**What is required**.
Taking only the lines of the data below from the line with "This 45mm Avenger" to the line with "會上,國家電網調度控製中心原", ends included, write them out exactly and without pictures.

**Provided material**.

____

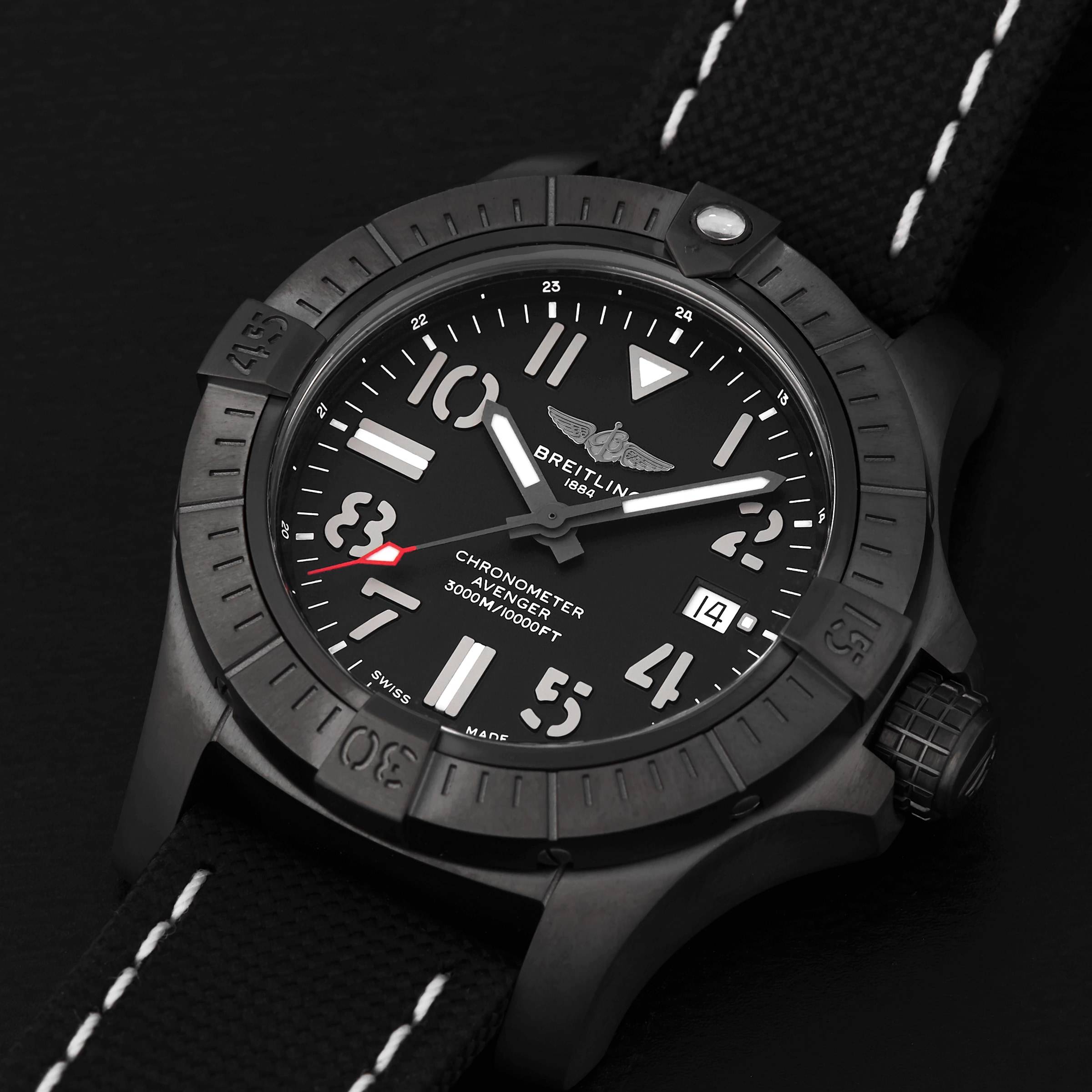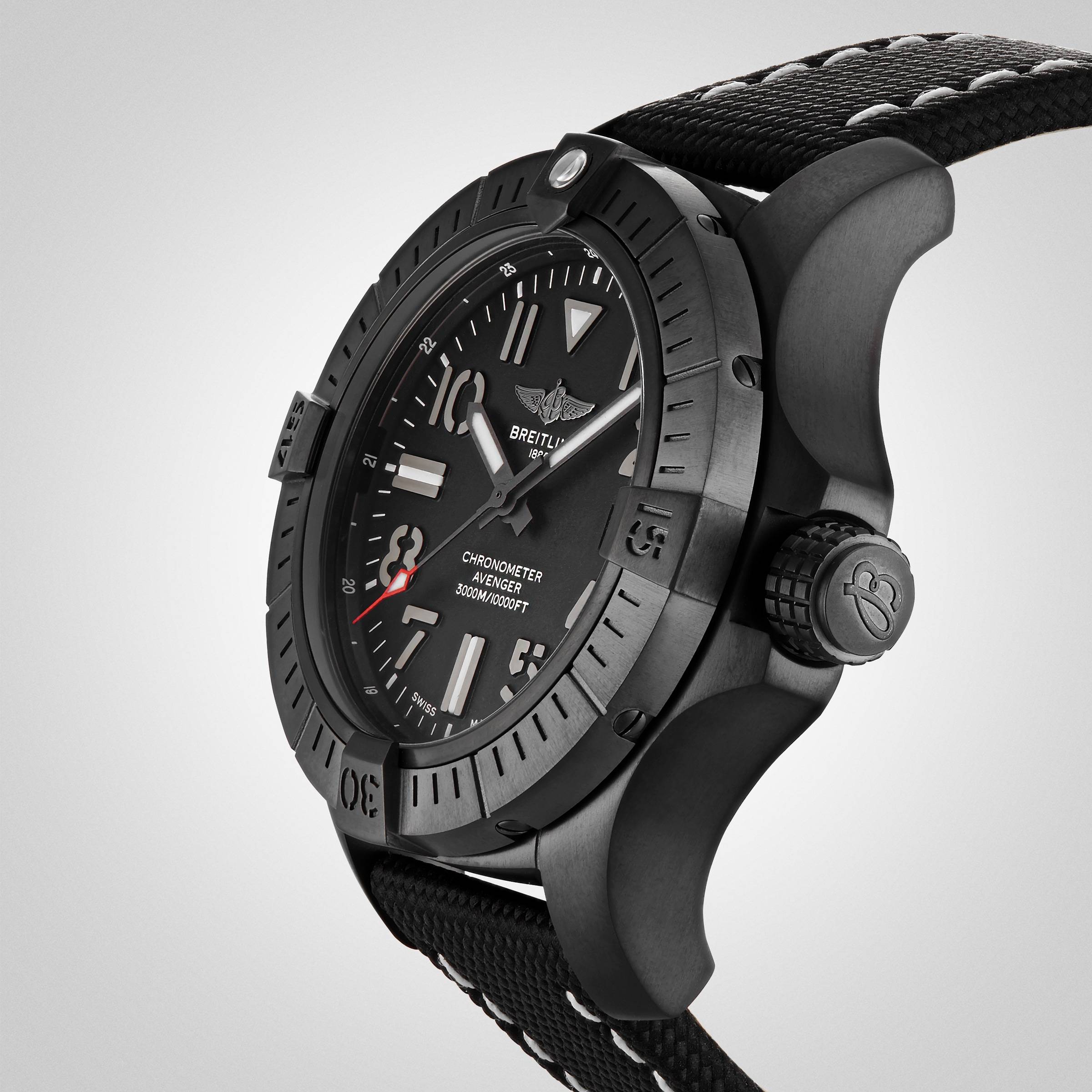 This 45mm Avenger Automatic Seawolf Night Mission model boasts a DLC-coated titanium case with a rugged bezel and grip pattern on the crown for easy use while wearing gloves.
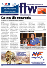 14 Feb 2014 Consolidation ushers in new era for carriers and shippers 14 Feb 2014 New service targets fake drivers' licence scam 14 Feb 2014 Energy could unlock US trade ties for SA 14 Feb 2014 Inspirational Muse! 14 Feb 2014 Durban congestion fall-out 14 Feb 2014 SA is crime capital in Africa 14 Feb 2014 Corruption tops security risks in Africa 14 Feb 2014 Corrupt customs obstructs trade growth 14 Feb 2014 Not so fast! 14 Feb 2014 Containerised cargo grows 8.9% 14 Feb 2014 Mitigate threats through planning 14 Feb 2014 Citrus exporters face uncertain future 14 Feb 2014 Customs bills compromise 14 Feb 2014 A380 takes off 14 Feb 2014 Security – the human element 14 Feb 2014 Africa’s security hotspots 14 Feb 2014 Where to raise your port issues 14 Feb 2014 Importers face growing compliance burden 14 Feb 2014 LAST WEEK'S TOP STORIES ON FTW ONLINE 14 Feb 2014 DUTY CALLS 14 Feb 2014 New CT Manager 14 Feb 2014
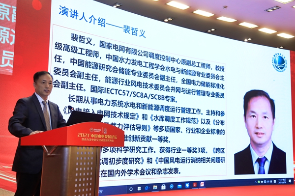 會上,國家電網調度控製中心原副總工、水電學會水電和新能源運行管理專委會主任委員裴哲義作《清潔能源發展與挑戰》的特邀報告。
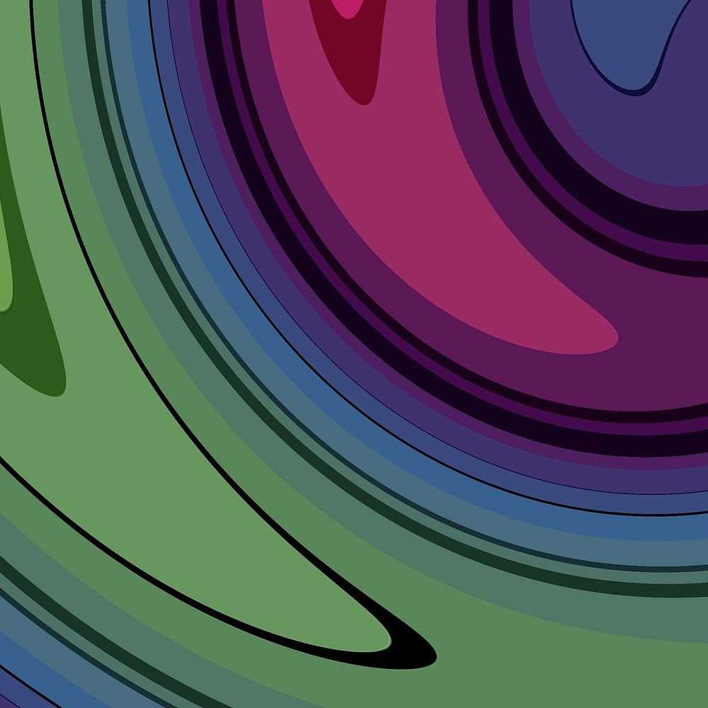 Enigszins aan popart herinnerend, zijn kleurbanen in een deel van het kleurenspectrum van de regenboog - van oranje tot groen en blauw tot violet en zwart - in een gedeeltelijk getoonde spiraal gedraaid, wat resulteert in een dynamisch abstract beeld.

____

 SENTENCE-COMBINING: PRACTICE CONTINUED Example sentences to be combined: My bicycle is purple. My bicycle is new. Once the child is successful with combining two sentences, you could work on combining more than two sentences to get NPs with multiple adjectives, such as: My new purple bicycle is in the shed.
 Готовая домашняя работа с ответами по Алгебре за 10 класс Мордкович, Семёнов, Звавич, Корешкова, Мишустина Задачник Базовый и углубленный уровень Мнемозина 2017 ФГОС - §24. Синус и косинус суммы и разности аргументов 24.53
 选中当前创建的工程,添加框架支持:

____

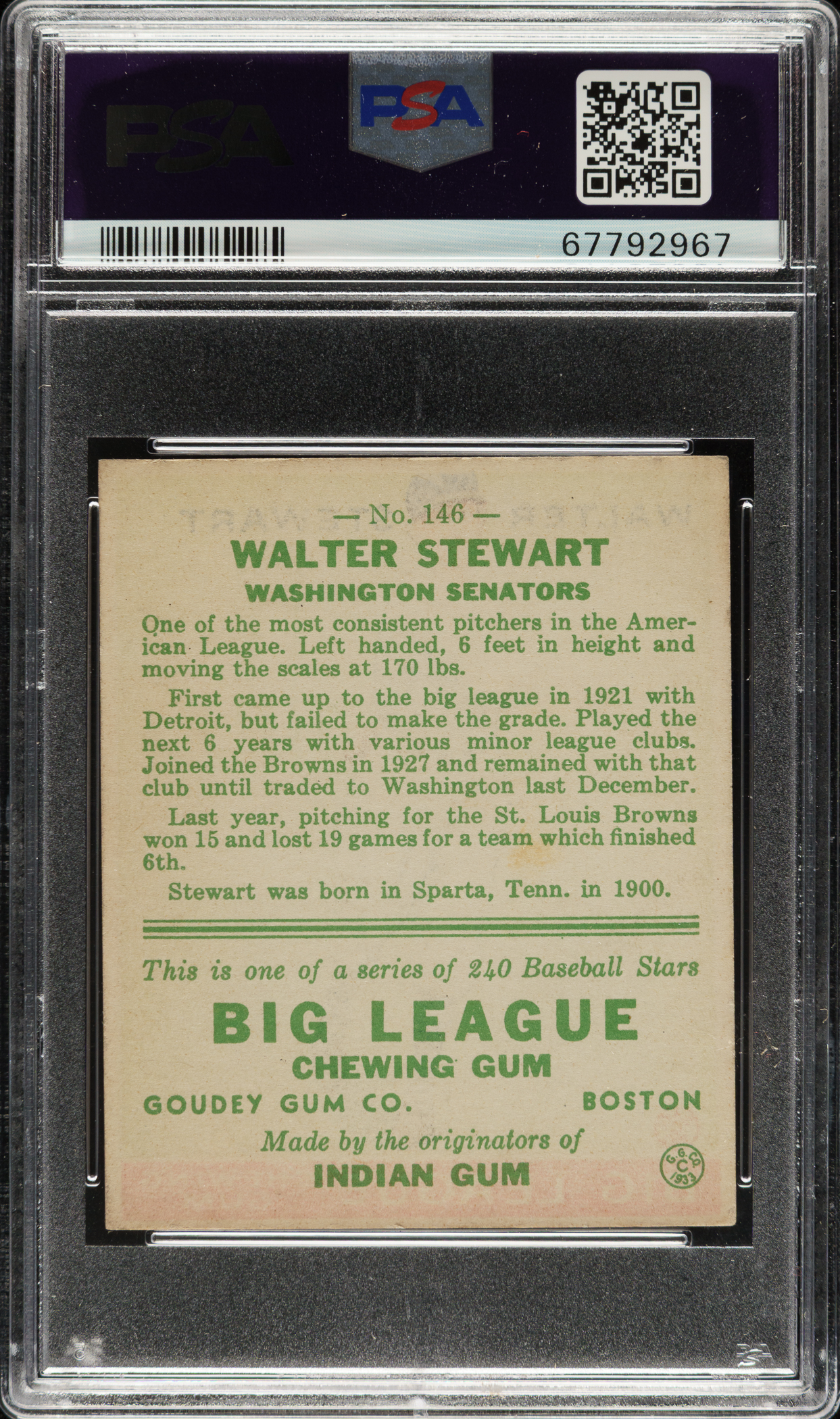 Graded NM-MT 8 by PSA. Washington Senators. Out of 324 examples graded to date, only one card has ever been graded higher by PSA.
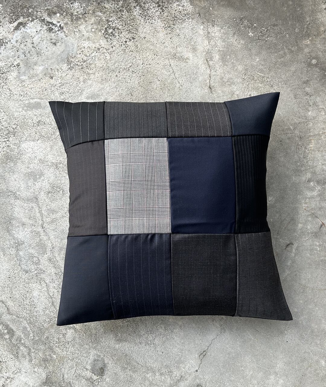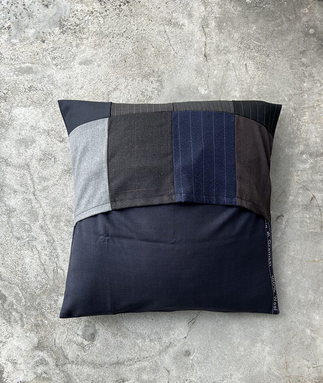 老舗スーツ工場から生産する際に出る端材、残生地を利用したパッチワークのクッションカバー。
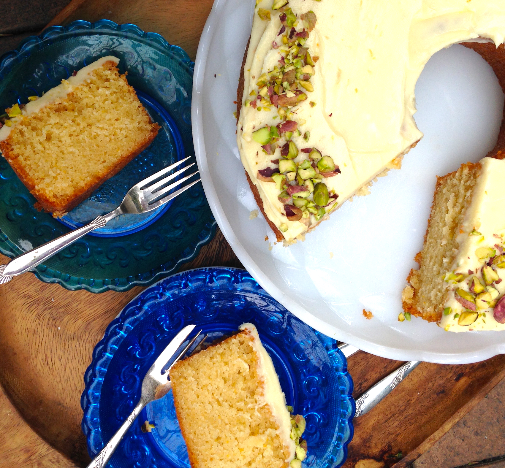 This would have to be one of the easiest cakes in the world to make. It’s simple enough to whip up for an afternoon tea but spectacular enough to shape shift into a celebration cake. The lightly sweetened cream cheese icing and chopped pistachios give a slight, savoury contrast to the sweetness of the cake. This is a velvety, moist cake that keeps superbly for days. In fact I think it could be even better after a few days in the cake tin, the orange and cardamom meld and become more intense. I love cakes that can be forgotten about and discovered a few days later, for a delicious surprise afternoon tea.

____

**Task answer**.
 This 45mm Avenger Automatic Seawolf Night Mission model boasts a DLC-coated titanium case with a rugged bezel and grip pattern on the crown for easy use while wearing gloves.
 14 Feb 2014 Consolidation ushers in new era for carriers and shippers 14 Feb 2014 New service targets fake drivers' licence scam 14 Feb 2014 Energy could unlock US trade ties for SA 14 Feb 2014 Inspirational Muse! 14 Feb 2014 Durban congestion fall-out 14 Feb 2014 SA is crime capital in Africa 14 Feb 2014 Corruption tops security risks in Africa 14 Feb 2014 Corrupt customs obstructs trade growth 14 Feb 2014 Not so fast! 14 Feb 2014 Containerised cargo grows 8.9% 14 Feb 2014 Mitigate threats through planning 14 Feb 2014 Citrus exporters face uncertain future 14 Feb 2014 Customs bills compromise 14 Feb 2014 A380 takes off 14 Feb 2014 Security – the human element 14 Feb 2014 Africa’s security hotspots 14 Feb 2014 Where to raise your port issues 14 Feb 2014 Importers face growing compliance burden 14 Feb 2014 LAST WEEK'S TOP STORIES ON FTW ONLINE 14 Feb 2014 DUTY CALLS 14 Feb 2014 New CT Manager 14 Feb 2014
 會上,國家電網調度控製中心原副總工、水電學會水電和新能源運行管理專委會主任委員裴哲義作《清潔能源發展與挑戰》的特邀報告。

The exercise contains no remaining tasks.